_What you will do:_ Reproduce exactly, and solely, the lines running from the top of the data below through the line with "Inspired by practices", both inclusive. Omit pictures.

Start of Information shown

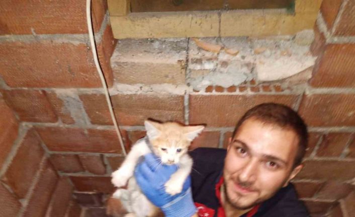 Çorum’un Bayat ilçesinde bir apartmanın havalandırma boşluğuna düşen yavru kedi, itfaiye ekipleri tarafından kurtarıldı.
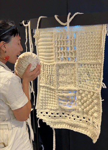 Inspired by practices of using textiles to record stories and events, Storied Blanket is an ever-changing light installation that reflects the sonic atmosphere of the room it is in through changes in brightness and color of the lights woven through it.Participants are invited to observe a visual representation of the room that Storied Blanket is installed in, as well as change it themselves by speaking into the ball of yarn. Storied Blanket was designed to look unfinished; it relies on the sound of the room and participants to add color to it to finish it.
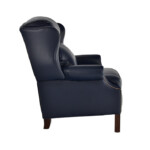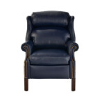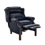 The Chippendale recliner is manufactured using a hardwood and engineered hardwood frame, with maple Chippendale leg, bustle back, loose seat cushion and nail head trim. Shown here in navy top grain leather but available in many other leathers.

End of Information shown

_Finished task:_
 Çorum’un Bayat ilçesinde bir apartmanın havalandırma boşluğuna düşen yavru kedi, itfaiye ekipleri tarafından kurtarıldı.
 Inspired by practices of using textiles to record stories and events, Storied Blanket is an ever-changing light installation that reflects the sonic atmosphere of the room it is in through changes in brightness and color of the lights woven through it.Participants are invited to observe a visual representation of the room that Storied Blanket is installed in, as well as change it themselves by speaking into the ball of yarn. Storied Blanket was designed to look unfinished; it relies on the sound of the room and participants to add color to it to finish it.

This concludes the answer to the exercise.